Her company formed a joint venture with its power generation arm Banpu Power to set up Banpu Next, meant to directly oversee energy technology businesses, including EVs.

Banpu is determined to scale up its EV businesses in 2021, said Ms Somruedee.

Energy Absolute is developing more EV charging facilities to serve future demand.

POWERING EVS

Energy companies expect to make significant progress in building more EV charging facilities this year and developing technology to save time while charging.

The availability of charging outlets and charging time are among the major concerns in the EV industry.

Late last month, PTG Energy Plc, Thailand's second largest oil retailer by sales volume, co-launched a new charging station in the northeastern province of Nakhon Ratchasima.

PTG is working with Electricity Generating Authority of Thailand (Egat) to study and develop two types of fast charging facilities to serve large electric trucks.

PTG executive vice-president Rangsun Puangprang said the study includes locations for charging outlets and substations on the state power grid, as the technology requires a high volume of electricity.

The investment cost for each ultra-fast charging facility is estimated at 40-50 million baht, while a fast charging facility requires around 3-4 million.

Mr Rangsun expects the EV charging business to begin to take shape at the end of 2021.

Egat governor Boonyanit Wongrukmit said his agency plans to increase its EV charging outlets, called EleX, to 35 from 13 this year.

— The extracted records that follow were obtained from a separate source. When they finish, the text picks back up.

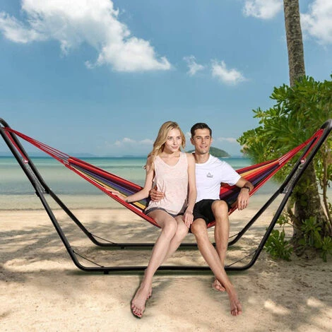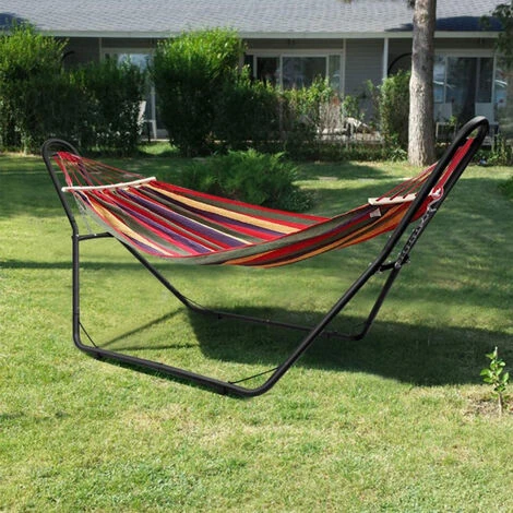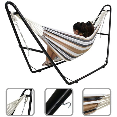 Lea o tome el sol de forma segura en el jardín o el patio, y es ligero y portátil. Se puede instalar en cualquier lugar donde se necesite una hamaca.
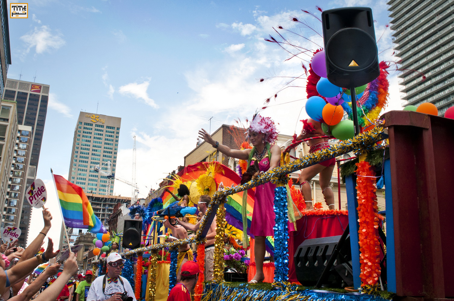 Gay Pride تورنتو، همه ساله با بالا بردن پرچم شش رنگ رنگین کمان در مقابل ساختمان شهرداری برگزار می شود. امسال یکی از حمل کنندگان این پرچم Gilbert Baker بود، کسی که 36 سال پیش به پیشنهاد Harvey Bernard Milk پرچم را طراحی کرد.
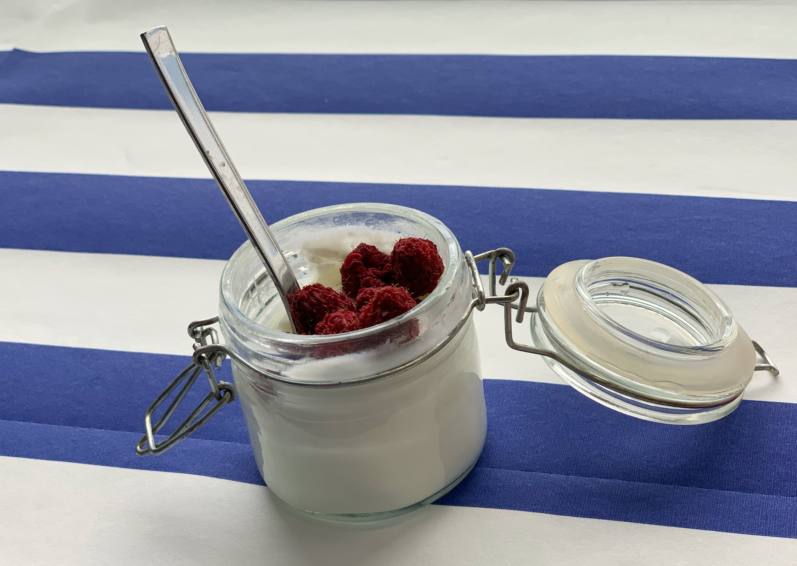 - Ponga en el vaso el agua y el ácido ascórbico (vitamina C en polvo) o el zumo de limón. Sitúe el Varoma tapado en su posición e inicie Fermentar /10 h/70°C (modelos anteriores cobrar el thermomix con una bolsa térmica). Retire el Varoma y ponga los tarros de yogur en el frigorífico. Refrigere al menos durante 2 horas antes de servir o conserve los yogures tapados en el frigorífico hasta 8 días.
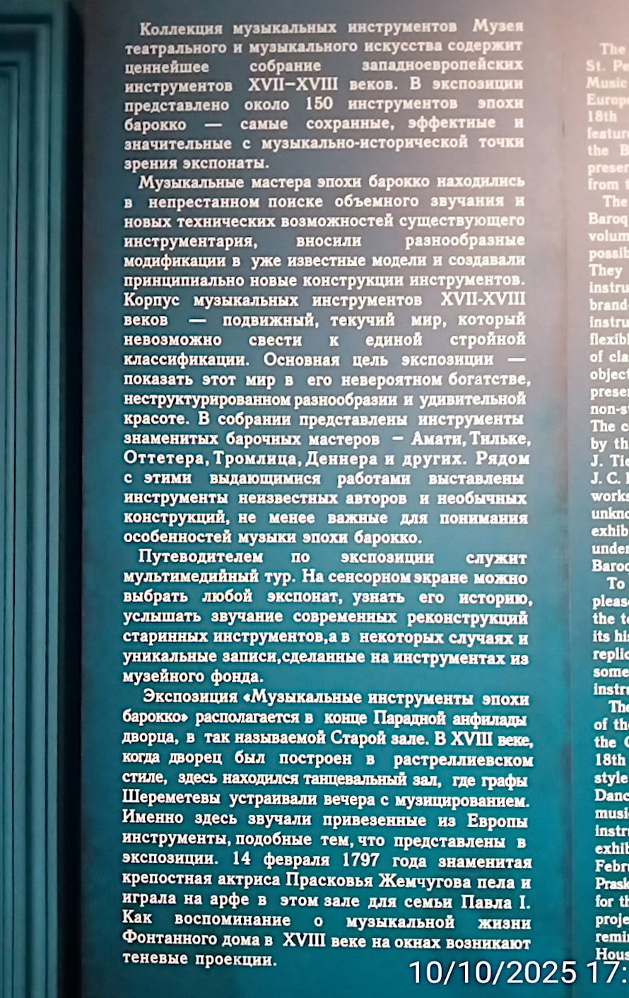 Г-образный зал - зал барочных инструментов
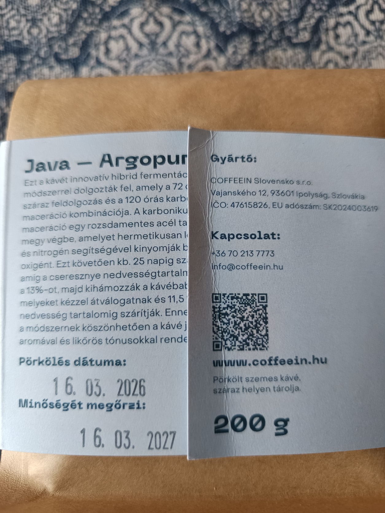 Eladó egy bontatlan csomagolású, szlovákiai Coffeein pörkölőből származó Jáva Flowertron kávé. Ez egy különleges, kísérleti feldolgozású (230 órás fermentáció), rendkívül komplex, édes és virágos ízvilágú tétel az indonéziai Argopuro farmról.
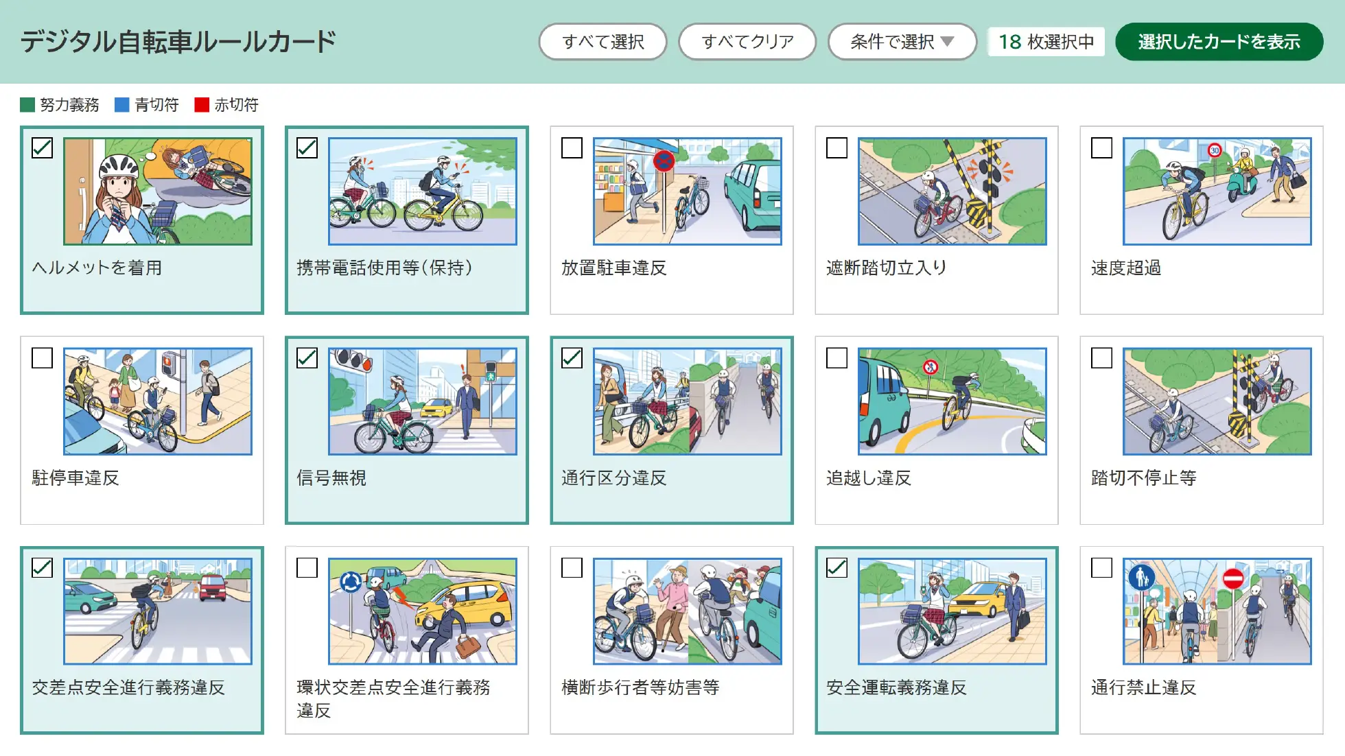 違反行為ごとのカードから、指導するカードを選択

EA is also eager to further develop its battery business.

In addition to the development of quick charging outlets for its 270-seat ferry cruises, the company said earlier it expects to start producing one gigawatt-hour lithium-ion batteries at a 6-billion-baht facility in Chachoengsao in June this year.

Production is operated by its subsidiary Amita Technology Thailand.

EA is also working with Chulalongkorn University engineers on a three-year study of lithium-ion battery recycling for EVs.

The study should provide the company in-depth technological know-how before deciding how to expand battery manufacturing.

The research is in parallel with EA's ambitious plan to increase the number of its EV charging outlets to 1,000 by the end of this year.

Other energy firms also have EV charging outlets in their strategies.

SET-listed PTT Oil and Retail Business announced it plans to allocate 450 million baht to add 100 EV charging outlets nationwide this year, up from 33 at present.

Bangchak Corporation Plc, which is mostly state-owned, is teaming up with state-run Provincial Electricity Authority to install 150 fast charging outlets at its petrol stations on highways with high traffic volume this year.

An electric vehicle charger by EA Anywhere. More EVs, electric ferries and EV charging outlets are expected this year.

Banpu is determined to scale up its EV business, including its Next e-Ferry, in 2021.

A Mine Smart Ferry express boat on the Chao Phraya River.